◆ TASK ◆
Only the lines below from the one that holds "Vestido curto manga" through the one that holds "Resultados: Se observó" should appear in the answer, copied exactly, end lines included and pictures omitted.

◆ PROVIDED DATA ◆
☆ ☆ ☆ ☆

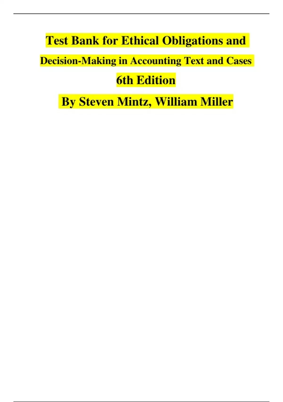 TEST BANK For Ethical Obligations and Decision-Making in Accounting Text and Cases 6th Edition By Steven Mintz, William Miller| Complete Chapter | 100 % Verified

☆ ☆ ☆ ☆

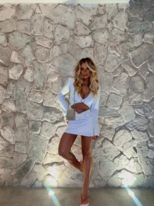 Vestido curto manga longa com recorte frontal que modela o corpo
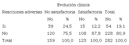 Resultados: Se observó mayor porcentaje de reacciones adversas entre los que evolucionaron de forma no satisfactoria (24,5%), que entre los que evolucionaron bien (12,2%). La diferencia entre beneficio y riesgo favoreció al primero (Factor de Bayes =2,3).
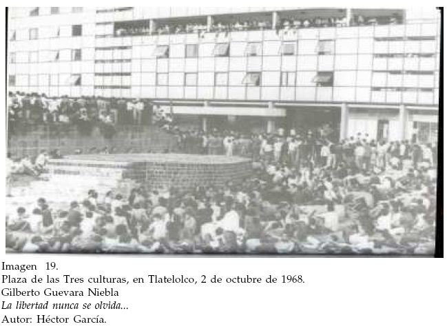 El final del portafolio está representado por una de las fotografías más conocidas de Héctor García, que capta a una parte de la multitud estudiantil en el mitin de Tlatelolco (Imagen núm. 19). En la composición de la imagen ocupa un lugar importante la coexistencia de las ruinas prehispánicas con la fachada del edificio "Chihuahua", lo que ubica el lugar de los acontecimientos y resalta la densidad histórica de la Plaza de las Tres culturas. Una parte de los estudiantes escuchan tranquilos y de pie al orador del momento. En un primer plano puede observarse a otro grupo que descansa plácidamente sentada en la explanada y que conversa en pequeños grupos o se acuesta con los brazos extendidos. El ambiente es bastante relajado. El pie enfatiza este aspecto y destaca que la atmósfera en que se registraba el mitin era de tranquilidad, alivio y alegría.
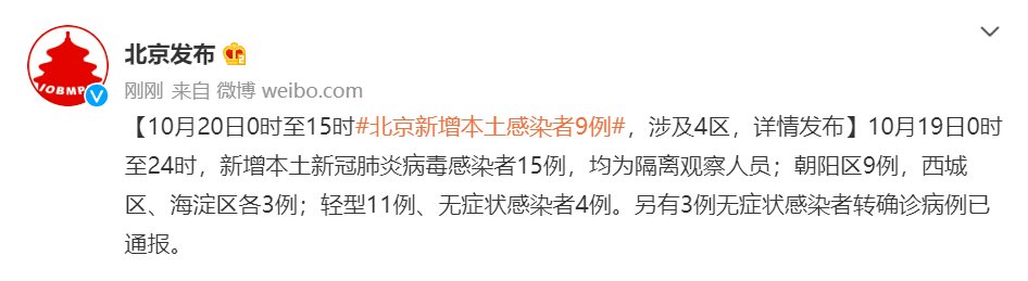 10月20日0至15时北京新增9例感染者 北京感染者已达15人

☆ ☆ ☆ ☆

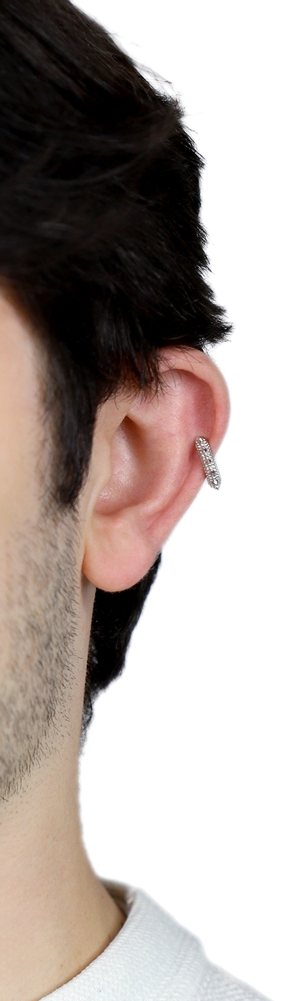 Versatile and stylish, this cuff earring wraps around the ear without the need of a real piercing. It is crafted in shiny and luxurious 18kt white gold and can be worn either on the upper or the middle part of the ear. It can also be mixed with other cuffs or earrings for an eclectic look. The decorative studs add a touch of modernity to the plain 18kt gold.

☆ ☆ ☆ ☆

◆ EXERCISE RESPONSE ◆
 Vestido curto manga longa com recorte frontal que modela o corpo
 Resultados: Se observó mayor porcentaje de reacciones adversas entre los que evolucionaron de forma no satisfactoria (24,5%), que entre los que evolucionaron bien (12,2%). La diferencia entre beneficio y riesgo favoreció al primero (Factor de Bayes =2,3).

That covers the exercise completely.